The dry cask storage procedure employed at Taiwan Power Co’s Jinshan Nuclear Power Plant in New Taipei City’s Shihmen District (石門) and at its Guosheng Nuclear Power Plant in the city’s Wanli District (萬里) was devised by the Atomic Energy Council’s Institute of Nuclear Energy Research. Whether the council’s involvement can be deemed as above suspicion depends on how stringently the execution of the procedure is monitored.
According to US research studies, humid and highly saline atmospheres can accelerate the damage or corrosion of dry storage casks. Yet Taipower takes a relaxed approach to the matter, believing that the Taiwan-made casks will last 30 years without rusting. The company also holds that monitoring radiation levels at dry storage areas and taking daily readings of the temperature levels at the casks’ inlet and outlet vents is sufficient to ensure safety.
This stance begs certain questions: For example, why are radiation and gas readings not taken for each individual cask? If this is not done, then how can it be detected if the sole thermometer malfunctions? What happens if a landslide blocks the vents, or the cylinder material is damaged, or the integrity of the welding compromised?
Taipower should be running practical tests on non-radioactive material to be prepared for any contingency. Of course, such tests would not be necessary if the company and the council carried out computer simulations that could dispel any safety doubts.
How well prepared are Taipower and the council to handle the nation’s growing pile of nuclear waste? To answer this question, one can infer a few things from the way nuclear waste is handled on Orchid Island (Lanyu, 蘭嶼).
In theory, high-level atomic waste remains radioactive or radiotoxic for 100,000 years and therefore needs to be stored for that amount of time, while low-level waste becomes inert — and therefore safe — after only 300 years.
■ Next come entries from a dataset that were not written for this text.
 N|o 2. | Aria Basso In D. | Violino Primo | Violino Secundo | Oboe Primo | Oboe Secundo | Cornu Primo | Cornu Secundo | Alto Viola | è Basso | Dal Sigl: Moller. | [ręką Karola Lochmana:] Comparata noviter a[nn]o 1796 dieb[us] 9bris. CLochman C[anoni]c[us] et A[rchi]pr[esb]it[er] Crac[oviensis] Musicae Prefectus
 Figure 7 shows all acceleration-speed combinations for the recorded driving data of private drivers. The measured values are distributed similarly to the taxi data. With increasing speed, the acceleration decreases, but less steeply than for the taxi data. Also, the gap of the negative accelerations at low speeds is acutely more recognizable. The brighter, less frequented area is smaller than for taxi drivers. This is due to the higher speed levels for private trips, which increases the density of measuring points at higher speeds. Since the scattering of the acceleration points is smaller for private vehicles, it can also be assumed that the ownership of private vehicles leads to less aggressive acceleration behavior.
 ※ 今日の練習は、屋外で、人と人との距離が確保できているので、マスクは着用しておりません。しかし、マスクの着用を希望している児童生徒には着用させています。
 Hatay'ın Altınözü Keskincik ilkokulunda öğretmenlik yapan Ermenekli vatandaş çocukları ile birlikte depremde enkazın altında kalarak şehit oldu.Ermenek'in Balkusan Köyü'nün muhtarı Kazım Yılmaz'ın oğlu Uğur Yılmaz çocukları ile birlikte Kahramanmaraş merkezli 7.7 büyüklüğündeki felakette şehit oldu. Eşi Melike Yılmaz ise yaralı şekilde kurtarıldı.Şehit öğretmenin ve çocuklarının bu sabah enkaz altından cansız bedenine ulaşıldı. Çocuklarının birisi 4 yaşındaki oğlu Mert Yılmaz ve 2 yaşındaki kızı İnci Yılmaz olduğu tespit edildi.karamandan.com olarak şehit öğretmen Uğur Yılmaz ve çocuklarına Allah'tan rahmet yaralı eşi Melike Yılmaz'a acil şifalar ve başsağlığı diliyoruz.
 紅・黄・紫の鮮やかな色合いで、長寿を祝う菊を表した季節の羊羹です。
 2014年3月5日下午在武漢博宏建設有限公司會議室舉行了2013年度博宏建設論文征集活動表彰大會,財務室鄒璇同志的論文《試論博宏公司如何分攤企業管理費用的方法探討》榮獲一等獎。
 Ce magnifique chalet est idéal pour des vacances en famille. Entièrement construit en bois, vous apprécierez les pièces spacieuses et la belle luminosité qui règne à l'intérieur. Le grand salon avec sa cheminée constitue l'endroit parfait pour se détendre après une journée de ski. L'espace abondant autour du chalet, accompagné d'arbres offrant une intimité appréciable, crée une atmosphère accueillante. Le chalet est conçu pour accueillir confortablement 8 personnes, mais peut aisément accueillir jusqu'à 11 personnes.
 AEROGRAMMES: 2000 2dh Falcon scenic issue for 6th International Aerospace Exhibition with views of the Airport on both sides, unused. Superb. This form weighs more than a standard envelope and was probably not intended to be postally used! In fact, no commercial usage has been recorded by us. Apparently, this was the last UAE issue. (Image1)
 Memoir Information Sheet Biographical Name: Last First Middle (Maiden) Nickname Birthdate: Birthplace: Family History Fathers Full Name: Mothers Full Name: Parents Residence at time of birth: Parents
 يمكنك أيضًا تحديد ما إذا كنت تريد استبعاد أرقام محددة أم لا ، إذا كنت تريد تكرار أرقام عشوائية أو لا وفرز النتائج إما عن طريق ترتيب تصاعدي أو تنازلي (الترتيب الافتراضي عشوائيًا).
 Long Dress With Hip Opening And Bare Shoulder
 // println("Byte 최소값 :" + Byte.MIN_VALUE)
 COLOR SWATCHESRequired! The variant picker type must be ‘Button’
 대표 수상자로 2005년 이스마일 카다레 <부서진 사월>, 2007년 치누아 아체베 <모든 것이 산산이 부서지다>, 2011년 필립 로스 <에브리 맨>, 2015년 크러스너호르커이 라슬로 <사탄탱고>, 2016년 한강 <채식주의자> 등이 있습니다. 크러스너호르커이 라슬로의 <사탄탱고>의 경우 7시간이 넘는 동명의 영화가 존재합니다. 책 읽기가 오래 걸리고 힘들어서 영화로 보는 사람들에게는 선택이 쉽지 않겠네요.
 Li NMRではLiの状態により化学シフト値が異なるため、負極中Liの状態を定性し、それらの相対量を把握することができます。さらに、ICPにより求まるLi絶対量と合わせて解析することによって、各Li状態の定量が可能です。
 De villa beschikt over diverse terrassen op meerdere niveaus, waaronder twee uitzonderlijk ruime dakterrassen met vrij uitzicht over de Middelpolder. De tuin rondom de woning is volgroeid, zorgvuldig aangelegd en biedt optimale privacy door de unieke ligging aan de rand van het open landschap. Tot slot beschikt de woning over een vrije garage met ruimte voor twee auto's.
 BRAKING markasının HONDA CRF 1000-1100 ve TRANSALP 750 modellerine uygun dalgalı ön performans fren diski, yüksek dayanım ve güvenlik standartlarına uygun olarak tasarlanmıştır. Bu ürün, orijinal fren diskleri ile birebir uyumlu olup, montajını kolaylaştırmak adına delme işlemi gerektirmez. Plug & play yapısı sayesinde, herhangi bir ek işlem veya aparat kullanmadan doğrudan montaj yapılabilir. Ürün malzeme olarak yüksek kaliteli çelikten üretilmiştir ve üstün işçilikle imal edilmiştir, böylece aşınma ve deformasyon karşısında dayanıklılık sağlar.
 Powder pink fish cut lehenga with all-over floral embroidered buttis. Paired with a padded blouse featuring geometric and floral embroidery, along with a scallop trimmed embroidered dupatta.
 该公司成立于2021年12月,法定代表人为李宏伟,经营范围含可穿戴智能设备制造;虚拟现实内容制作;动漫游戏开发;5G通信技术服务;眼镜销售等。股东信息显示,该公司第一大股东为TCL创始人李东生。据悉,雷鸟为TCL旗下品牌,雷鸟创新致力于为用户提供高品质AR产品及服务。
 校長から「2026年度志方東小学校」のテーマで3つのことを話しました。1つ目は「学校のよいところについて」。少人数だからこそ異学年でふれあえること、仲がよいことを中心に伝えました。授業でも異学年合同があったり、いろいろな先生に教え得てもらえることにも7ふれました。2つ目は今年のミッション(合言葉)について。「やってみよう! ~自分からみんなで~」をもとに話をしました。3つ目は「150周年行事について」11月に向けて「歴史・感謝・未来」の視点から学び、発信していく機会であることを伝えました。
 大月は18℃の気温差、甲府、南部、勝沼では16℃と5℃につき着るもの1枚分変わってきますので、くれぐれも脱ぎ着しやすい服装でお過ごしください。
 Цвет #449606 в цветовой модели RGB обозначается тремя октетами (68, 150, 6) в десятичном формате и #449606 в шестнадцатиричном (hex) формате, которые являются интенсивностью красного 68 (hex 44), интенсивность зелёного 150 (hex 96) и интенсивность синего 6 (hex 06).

During the Chinese Nationalist Party (KMT) authoritarian era, Lanyu was chosen as a site for the interim storage of low-level radioactive waste. Originally, the plan was to dispose of the toxic material in a nearby ocean trench, but this idea was abandoned when dumping nuclear waste in the ocean was prohibited by international conventions on atomic waste management. However, low-level waste was still shipped to Lanyu to be warehoused there, a practice that only stopped when incensed local residents reached the end of their patience and prevented the ships carrying the waste from docking.
The cylinders containing low-level waste that were already on the island started rusting just 10 years after they were built. In 2008, when the council conducted a comprehensive inspection of the Lanyu containers, it found that they were already severely rusted and some had broken open — not a single one was in a perfect condition.
If the authorities take this approach to low-level waste, which is comparatively simple to handle, it is no wonder that the public is concerned about how they tackle high-level waste, which is thousands of times more dangerous. Despite this, officials refuse to carry out practical simulations, carry out drills on recontaining waste in the event of a cylinder being compromised, or establish a comprehensive monitoring system.
Dry cask storage is supposed to be an interim solution to be employed for several decades only. However, Taipower and the council seem to view it as a permanent solution. Given this, it seems inevitable that sooner or later, a high-concentration radioactive leak will occur that will turn this beautiful country into a ghost island that will be impossible to bring back to life.
Gloria Hsu is a professor in National Taiwan University’s Department of Atmospheric Sciences.